Personne ne peut évidemment dire s’il y aura un nouveau mouvement social de type gilets jaunes. Un fait est néanmoins avéré : les grands bouleversements surviennent souvent quand le peuple ne veut plus et que l’État ne peut plus. Nous n’en sommes pas loin.

Nicolas Gauthier
Nicolas Gauthier
Journaliste à BV, écrivain

Vos commentaires

90 commentaires

  1. En 15 jours après l’annexion du budget 2023 déjà dans les concession Renault les représentants avaient reçu les listings pour les taxes carbone pour les voitures une Dacia avec un moteur TSE 130 Taxe 2020 330 euros ,10 jours après la taxe était passée 600 euros De qui se foutent ils ces autocrates ,il est temps de couper des têtes . Ils cherchent du Fric dans tous les coins ils sont en train de nous piquer nos derniers sous au fond de nos poches . Et ses braves pochards de la Télé personne en parle .,omerta complète .

  2. Comme tous les marchés, le « marché européen » de l’électricité est un marché spéculatif, saturé de parasites (compagnies concurrentes d’EDF, qui ne produisent rien, n’investissent rien) dont le seul but est d’acheter l’électricité à EDF bon marché pour la revendre avec marge énorme aux entreprises, artisans, boulangers, etc.
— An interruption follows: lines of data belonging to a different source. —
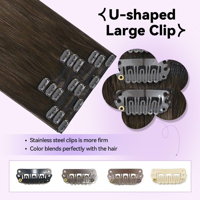 - 【Comfortable & Easy to Wear】-- Seamless clip in hair extensions real human hair has 16 U-shaped metal cards sewn on it. The clip is sewn stably and covered with a layer of soft rubber to effectively reduce hair pulling. The color of the clips is closest to the hair and less visible. You can easily put on or take off your hair extensions in 5 minutes. ❤️ If the clip is damaged upon receipt or during use, we provide free lifetime replacement.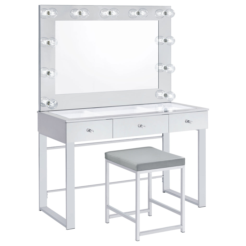 Rest comfortably in this chic contemporary vanity stool as you apply makeup or prepare for the day. Featuring a square shape design and a densely padded, foam-filled cushion , this modern stool provides a spacious for long-lasting comfort. The seat cushion is also wrapped entirely in a smooth grey tone leatherette. With a backless design, you can slide it beneath a vanity table when not in use. The base offers all the support you need with a heavy gauge steel frame with a gleaming electroplated, polished chrome finish. Key Features: • This backless stool is a testament to contemporary design • Full foam padded seat cushion upholstered in a durable leatherette • Heavy gauge steel frame electroplated and polished in chrome • Constructed with steel, MDF, foam, and leatherette • Available in dark grey and light grey to match with any palette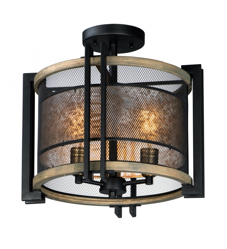 Frames of wood finished in Barn Wood and cradled by Black metal brackets were used to create this beautiful rustic design. The Black mesh screen is accented with a band of mica and Antique Brass sockets to deliver rustic charm with all the right fixings.

C’est le corollaire du dogme européen de la « concurrence libre et non faussée » qui exige le démantèlement d’EDF ainsi que la privatisation du réseau hydro-électrique. Pour la privatisation des barrages, ce sera l’explosion des prix à la production. Le démantèlement d’EDF n’est pas encore achevé ; mais il est programmé (EDF que les Français ont construit avec leurs impôts !). EDF ne vendra plus son électricité et laissera place à ces compagnies voraces qui appliqueront selon l’idéologie de Bruxelles « la libre concurrence ».
    Si l’État vole au secours des entreprises et des particuliers (bouclier énergétique), c’est pour ne pas fausser cette « concurrence » (déloyale en fait) et maintenir dans le marché ces compagnies avides qui ont multiplié le prix de leur électricité pour les boulangers et autres entreprises…
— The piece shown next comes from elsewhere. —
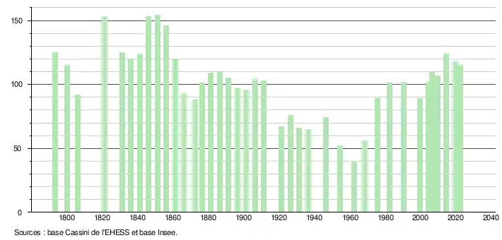 L'évolution du nombre d'habitants est connue à travers les recensements de la population effectués dans la commune depuis 1793. Pour les communes de moins de 10 000 habitants, une enquête de recensement portant sur toute la population est réalisée tous les cinq ans, les populations de référence des années intermédiaires étant quant à elles estimées par interpolation ou extrapolation[31]. Pour la commune, le premier recensement exhaustif entrant dans le cadre du nouveau dispositif a été réalisé en 2004[32].

    • Bien d’accord avec vous, avec qqs réserves explicitées dans mon commentaire ci-dessus (dans mon jargon d’ancien expert…)

  3. Après la consternante affaire du « covid », il ne peut plus jamais rien arriver. Un peuple de moutons attend dans le couloir de la mort l’abattage inéluctable. La machine à mensonges tourne à plein régime.

  4. Hélàs, ce n’est pas que l’industrie nucléaire française qui a été saccagée, mais également toutes les industries. Les chômeurs du Nord et de l’Est en savent quelque chose Et maintenant, l’artisanat ( via les boulangers, mais pas qu’eux !). Le désastre me parait suffisamment avancé pour penser qu’il est trop tard. Mais il reste quelque chose à faire : se saisir des traîtres et corrompus qui nous ont mis dans cette situation.. délibérément.

  5. Et encore Bardella n’explique pas que si les PME ont le couteau sous la gorge, alors que ce sont tous les Français qui ont payé la mise en route du nucléaire et qu’EDF est à eux, est que si la facture explose c’est uniquement à cause de notre alignement tarifaire sur l’Allemagne, que nous acceptons pour être impuissants face à elle, ruinés économiquement par nos gouvernants….Et que la solution que ceux ci ont trouvé est de nous ruiner encore plus (aides de l’Etat payées par le contribuable) pour aider ceux qui sont directement dans la mouise, les PME….

  6. Imaginons Le général De Gaulle à la place de Macron . Il ne lui faudrait pas des mois pour sortir de cette idiotie du marché européen de l’énergie. L’affaire ne prendrait que quelques jours au plus. LUI aurait à coeur de défendre nos PME, et pour cela pas besoin de mettre en place des aides , des délais de paiement , etc…. De Gaulle remettrait en place une tarification en adéquation avec notre cout de production, très en dessous du tarif imposé par Bruxelles.
    Nous n’avons que le chef que nous méritons. MLP qu’on dit nulle en économie , elle non plus ,ne laisserait pas mourir nos PME . Macron ,Notre Mozart de l’économie ,n’est qu’un mauvais joueur de pipeau .

  7. « de nouvelles jacqueries »?  » Une révolte?  » « Non Sire, c’est une révolution. » Et que ça saute! Pour ceux qui sont assis sur des sièges qu’ils considèrent comme inamovibles.